Sure will when they give companies 5 year grace periods to ignore repairs and forget about the rules ...oops I mean rules changed to suggestive guidelines ... What a farce ! They aren't going to learn anything until they are asking some other countries for emergency Visa's for 36 million people ....even then they will say ...we didn't expect that or we don't know why we weren't prepared !!

1 ( +1 / -0 )

Headline "Japan says..." and not "NRA says..." speaks volume who is deciding in that commission...

4 ( +4 / -0 )

Building a 'safety culture' generally does indeed take time when you take every step to avoid being safe, including steps YOU yourself have implemented but don't require anyone to follow.

1 ( +3 / -2 )

Japan says building nuclear safety culture will take a long time

Watch out. All remaining iddled reactors could be restarted on the pretext that even if they don't have sufficient safety standards, they can as well continue working as it takes long time to fix the safety puzzle. If people and environment are put into consideration before profit, then safety should always be first....

2 ( +2 / -0 )

Perhaps the above story should have the words “take a long time” changed to "forever ... "

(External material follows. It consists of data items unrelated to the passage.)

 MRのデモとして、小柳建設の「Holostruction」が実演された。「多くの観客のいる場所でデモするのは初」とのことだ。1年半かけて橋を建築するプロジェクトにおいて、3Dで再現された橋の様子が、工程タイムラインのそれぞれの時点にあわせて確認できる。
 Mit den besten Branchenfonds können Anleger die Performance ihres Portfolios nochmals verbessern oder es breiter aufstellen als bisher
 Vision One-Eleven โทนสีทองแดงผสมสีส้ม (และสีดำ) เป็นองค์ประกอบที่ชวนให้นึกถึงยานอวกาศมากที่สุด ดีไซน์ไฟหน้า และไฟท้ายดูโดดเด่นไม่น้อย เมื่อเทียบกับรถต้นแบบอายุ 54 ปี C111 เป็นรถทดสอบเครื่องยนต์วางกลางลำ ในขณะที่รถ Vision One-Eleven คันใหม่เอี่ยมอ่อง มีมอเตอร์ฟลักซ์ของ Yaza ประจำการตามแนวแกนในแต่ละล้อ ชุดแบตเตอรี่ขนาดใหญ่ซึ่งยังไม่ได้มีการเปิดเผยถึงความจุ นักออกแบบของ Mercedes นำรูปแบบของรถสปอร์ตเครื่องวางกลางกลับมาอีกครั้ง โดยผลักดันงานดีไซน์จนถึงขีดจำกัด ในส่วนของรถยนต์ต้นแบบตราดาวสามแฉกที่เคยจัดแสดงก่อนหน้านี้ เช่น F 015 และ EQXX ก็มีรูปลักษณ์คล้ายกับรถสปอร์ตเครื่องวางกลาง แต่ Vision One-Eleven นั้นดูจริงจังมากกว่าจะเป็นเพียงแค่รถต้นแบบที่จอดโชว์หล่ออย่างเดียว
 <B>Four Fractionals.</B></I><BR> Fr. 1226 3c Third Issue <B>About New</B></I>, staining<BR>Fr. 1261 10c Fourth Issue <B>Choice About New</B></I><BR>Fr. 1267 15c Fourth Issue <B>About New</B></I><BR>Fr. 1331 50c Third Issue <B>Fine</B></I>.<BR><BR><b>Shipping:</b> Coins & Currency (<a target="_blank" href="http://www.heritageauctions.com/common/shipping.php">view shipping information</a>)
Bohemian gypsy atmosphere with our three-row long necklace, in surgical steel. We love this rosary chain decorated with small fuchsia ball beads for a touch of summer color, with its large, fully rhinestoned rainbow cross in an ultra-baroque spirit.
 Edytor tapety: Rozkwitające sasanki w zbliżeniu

That's the way things seem to be going nuclear-wise here in Japan ...

1 ( +1 / -0 )

They the Regulators just Gave the industry an excuse to avoid doing anything. Not interested in Lip Service...I can guess where those lips have been.

0 ( +0 / -0 )

My thought exactly, edojin. "take a long time" = till the end of time.

0 ( +0 / -0 )

Weak!

Profit before people yet again!

0 ( +1 / -1 )

This is the same Japan that wanted to export their technology to Europe? And then I got thumbed down and criticized.. bah.

1 ( +1 / -0 )

Japan’s nuclear regulator said on Thursday that elevating safety culture to international standards will “take a long time".

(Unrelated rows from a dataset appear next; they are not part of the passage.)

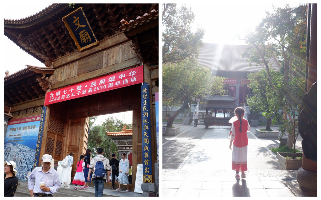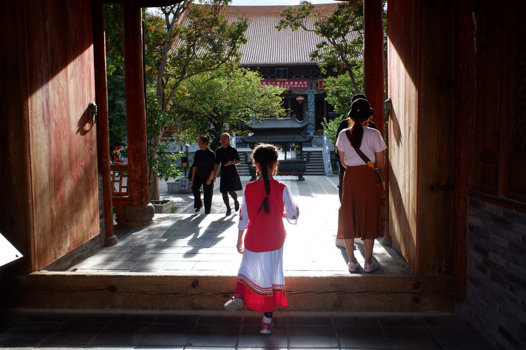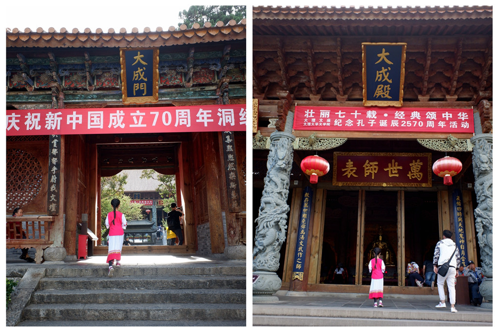 古城印象最为深刻的是文庙,就在主街道的一侧,因为临街,所以没有其他文庙门前的那段走马道。自然也就不会立着“德配天地”“道贯古今”的两个牌坊,显得有些局促和小气。但是进入文庙,格局马上变得开阔。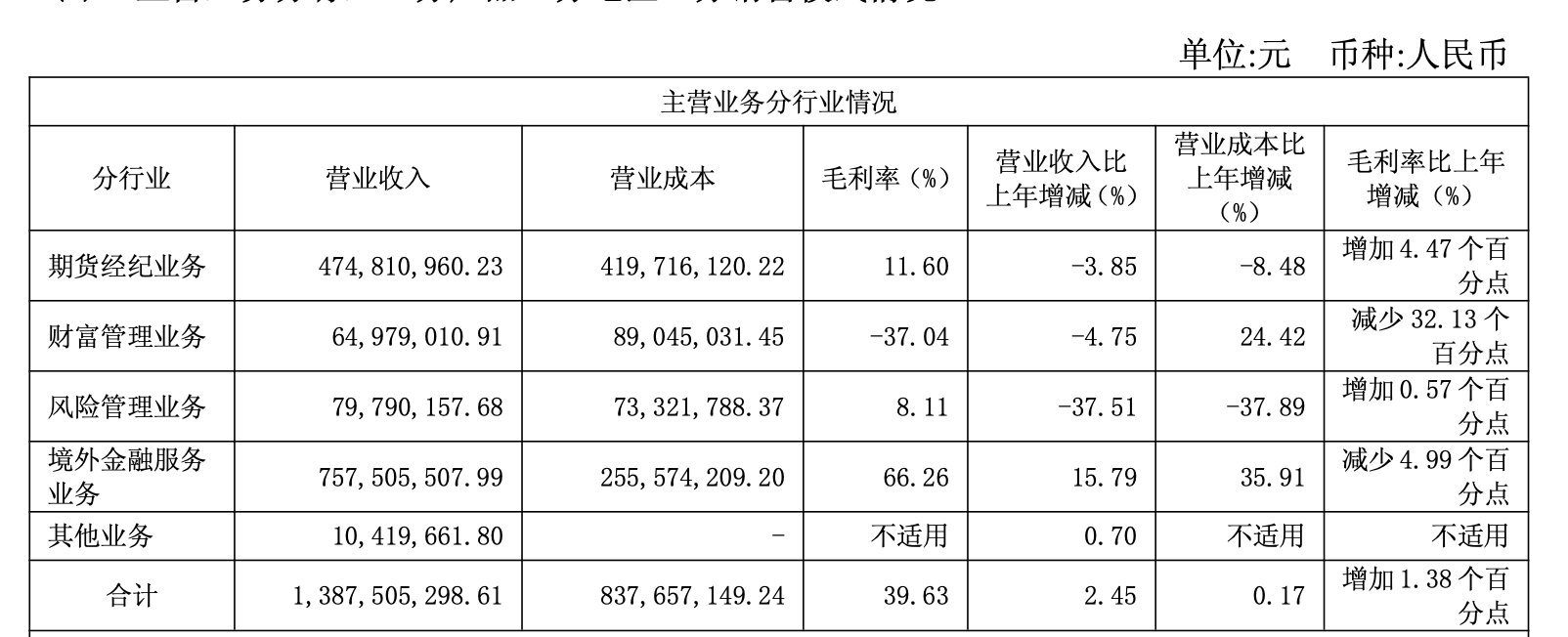 相比之下,境内传统业务的表现存在不足,期货经纪业务收入4.75亿元,同比下降3.85%;财富管理业务收入6498万元,同比下降4.75%;风险管理业务收入仅7979万元,同比大幅下降37.51%;南华基金更是全年亏损1730万元。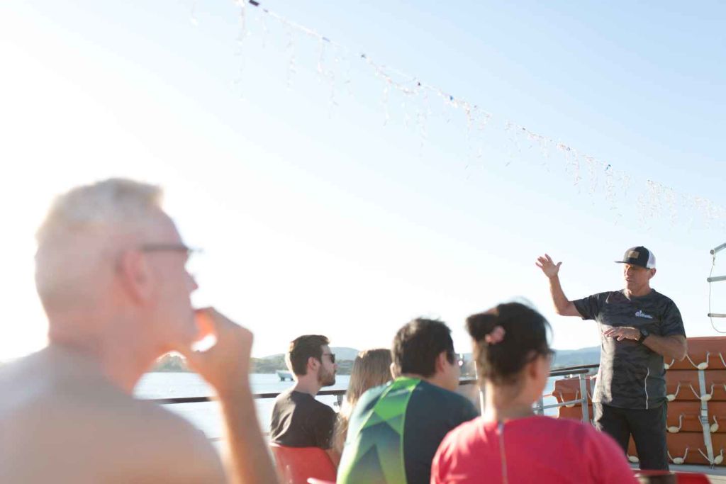 발 아래에서 헤엄치는 야생 돌고래를 만나고 계절에 따라 바닷새, 펭귄, 물개, 고래, 개복치, 학교어, 상어, 범고래, 심지어 거북이도 만날 수 있습니다. 편안함과 보다 개인적인 경험을 위해 승객 수는 제한되어 있습니다. 크고 넓은 맞춤형 보트는 가족 여행객들에게도 이상적입니다.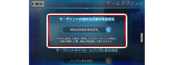 追加了只有在从者初次使用宝具时,宝具演出速度显示为等倍速的功能。

Then I hope they will wait an equally long time before allowing any restarts of nuclear reactors.

0 ( +0 / -0 )

so what they're really trying to say is we're incompetent and will stay that way for an indefinite amount of time...by blaming something on culture, they're deflecting blame and accountability

just like their 'culture' of whaling, dolphin killing, ...so on and so forth

0 ( +1 / -1 )

Here's an idea: open the reactors that are not in immediate danger of being on earthquake fault lines or at sea level, but allow no Japanese to run or operate the plants. Let a bunch of top European engineers bring the facilities up to international standards and then let them run things so that pesky little things such as kickbacks, amakudari, sempai/kouhai and "saving face" don't get in the way of ensuring that the planet doesn't glow in the dark.